Frontend-friendly Kubernetes Watch API
Problem statement
Memory leak on the environments page (gitlab-org/gitlab#437956 - closed) might be related to how Kubernetes watch API is used today. Easy to use API might help avoid such bugs as it'd result in simpler code. Simpler code is easier to maintain.
Proposal
It's more convenient for the frontend to have a single WebSocket connection for all watch calls (vs individual connections). However, multiple such connections are still allowed.
Introduce a new API path to kas' Kubernetes proxy: /watch
. Accept WebSocket connections on that path.
Accept messages to establish a watch:
{
"type": "watch",
"watchId": "unique identifier for this watch, e.g. a random string",
"apiVersion": "...",
"resource": "...",
"namespace": "...",
// and so on
}
Bits of information to define what watch to establish:
- api version
- resource (plural of object
kind
) - namespace (optional)
- label selector (optional)
- field selector (optional)
- resource version (optional)
- resource version match (optional)
- send initial events (optional)
timeoutSeconds
Accept messages to drop a watch:
{
"type": "unwatch",
"watchId": "..."
}
Emit messages for watch events:
{
"object": "watch_event",
"watchId": "...",
"watchEvent": {...} // the watch event
}
Emit error events e.g. when watch couldn't be established or was interrupted, timed out:
{
"object": "error",
"watchId": "...",
"errorType": "WATCH_NOT_ESTABLISHED", // enum-like strings: "WATCH_NOT_ESTABLISHED", "WATCH_FAILED"

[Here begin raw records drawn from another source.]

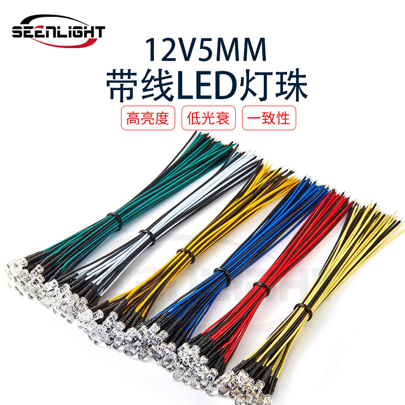 メーカー直販12v 5mm円頭灯珠帯線20cm led灯珠赤黄青緑白発光ダイオード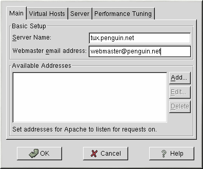 L'outil de configuration d'Apache vous permet de configurer le fichier de configuration /etc/httpd/conf/httpd.conf pour votre serveur Web Apache. Celui-ci n'utilise pas les anciens fichiers de configuration srm.conf ou access.conf, alors laissez-les vides. L'interface graphique vous permet de configurer des directives, telles que des hôtes virtuels, des attributs de connexion et le nombre maximum de connexions.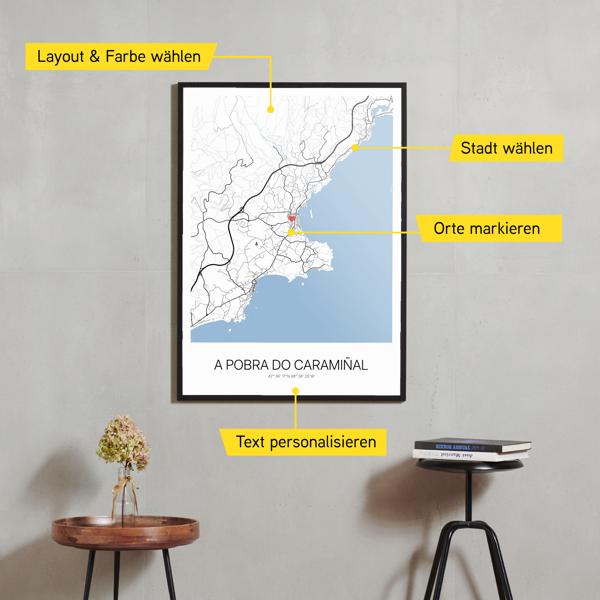 Wähle Farben und Layouts, die perfekt zu dir passen. Ob als klassische Karte in schwarz-weiß oder in modernen Farben. Bei Cartida kannst du ein Design in deinen Lieblingsfarben wählen. Erstelle eine Variante von A Pobra do Caramiñal, die perfekt zu dir und deiner Wohnung passt.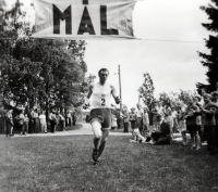 Sture Karlsson från Brottby i mål vid Ärlaloppet 12 km landsväg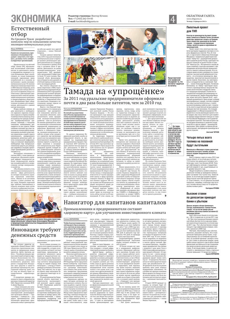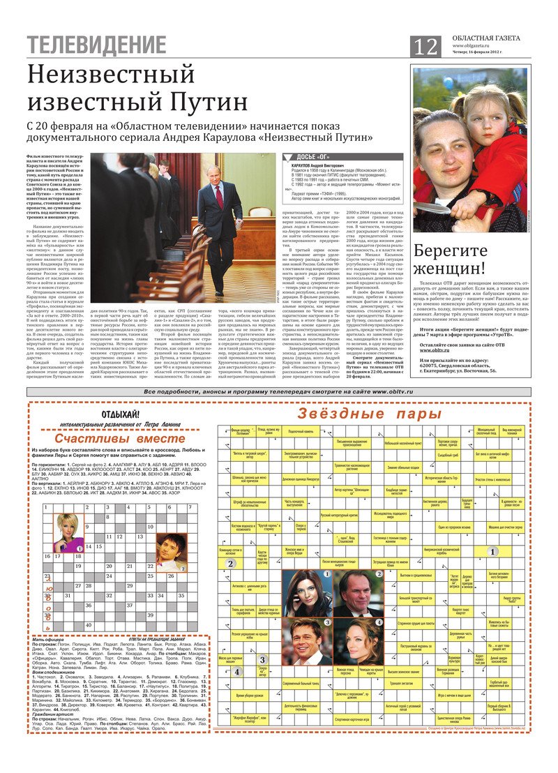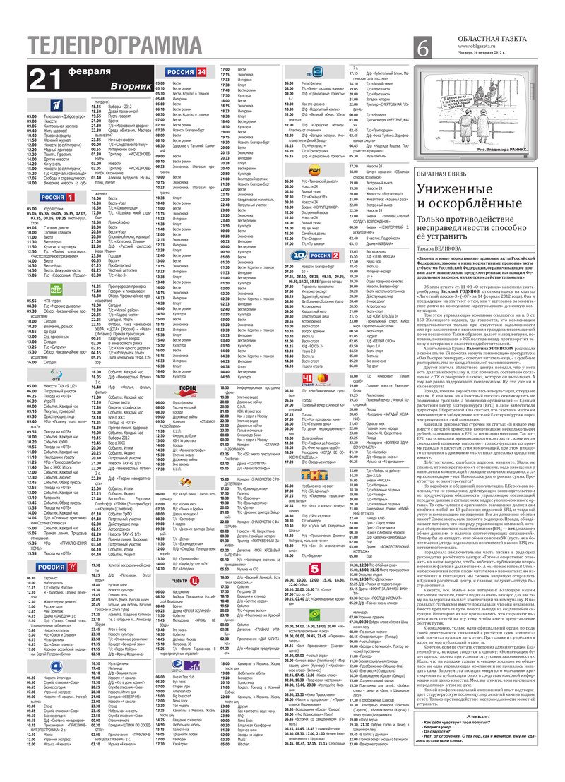 «Областная газета» № 61–62 (6117–6118) от 16 февраля 2012 года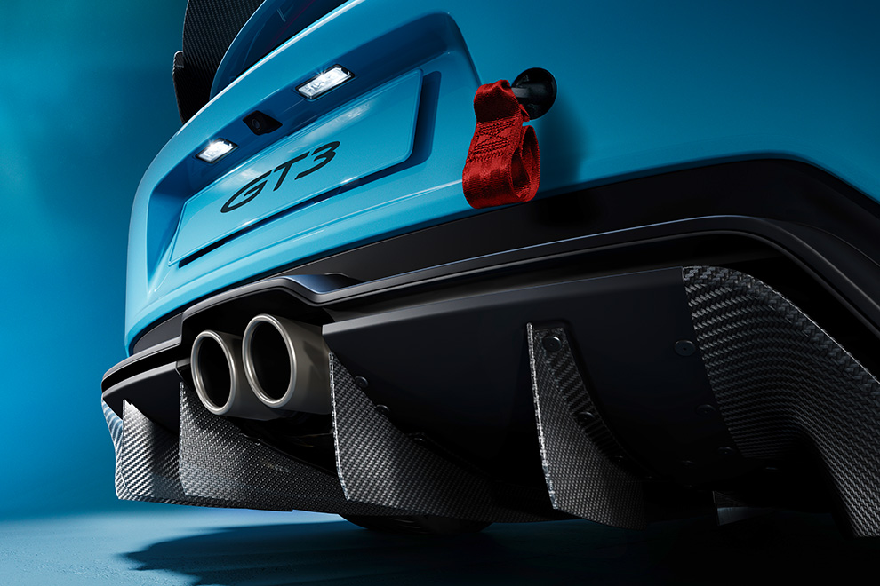 Wer weitere optische Akzente setzen möchte, kann seinen 911 GT3 mit besonders sportlichem Zubehör individualisieren. Türeinstiegsblenden aus Carbon mit beleuchtetem Manthey Schriftzug, LED-Türprojektoren mit weiß leuchtendem Manthey Schriftzug sowie die Möglichkeit, den Manthey-Schriftzug wahlweise auf den Türen anzubringen, unterstreichen den geschärften Charakter des 911 GT3. Ergänzend dazu sind die Carbon-Aerodiscs in verschiedenen Farben verfügbar. Für den Rundstreckeneinsatz stehen Bergelaschen für Front und Heck zur Verfügung. Diese sind wahlweise in Rot, Schwarz oder Gelb erhältlich und lassen sich im dafür vorgesehenen Gewinde am Bug- und Heckteil anbringen. Vor der Teilnahme am öffentlichen Straßenverkehr müssen sie wieder entfernt werden. Zusätzlich kann der 911 GT3 mit Front-Luftauslässen und Heck-Lufteinlässen aus CFK veredelt werden.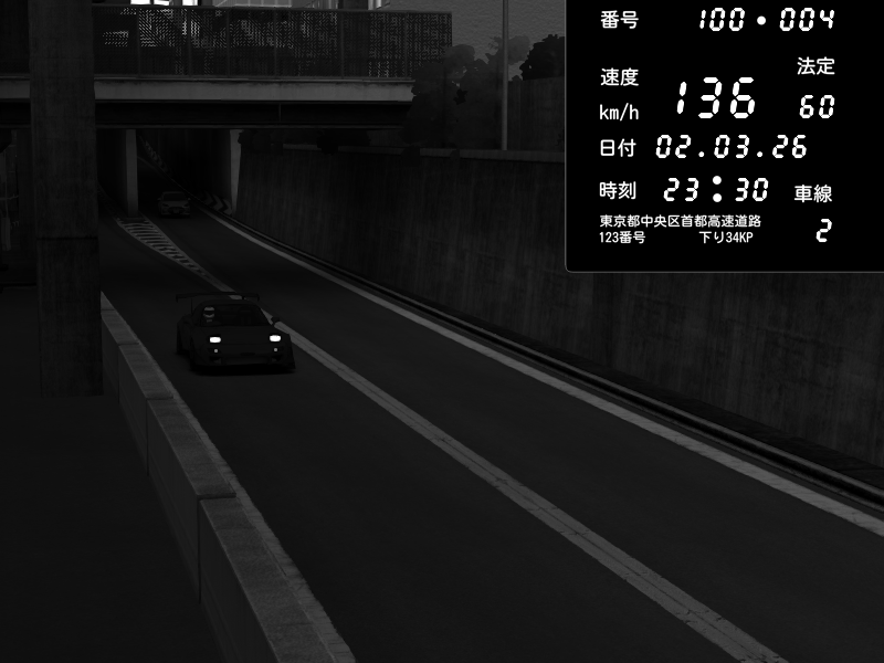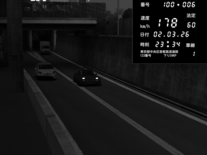 | 2026/03/02 23:32 | C1内回り 京橋 | 151 / 60 km/h | 9527 | Pit Road M - Mitsubishi GTO Twin Turbo | CAPTURE |

"error": "error message goes here"
}
When implementing this in kas, add a document that describes the implemented API to the doc directory.
Background
See gitlab-org/gitlab#429531 (comment 1806482872).
Security
When kas reads and parses the event stream from the cluster, have a limit on the size of an object read in a single read operation. This would prevent DoS attack from a malicious cluster.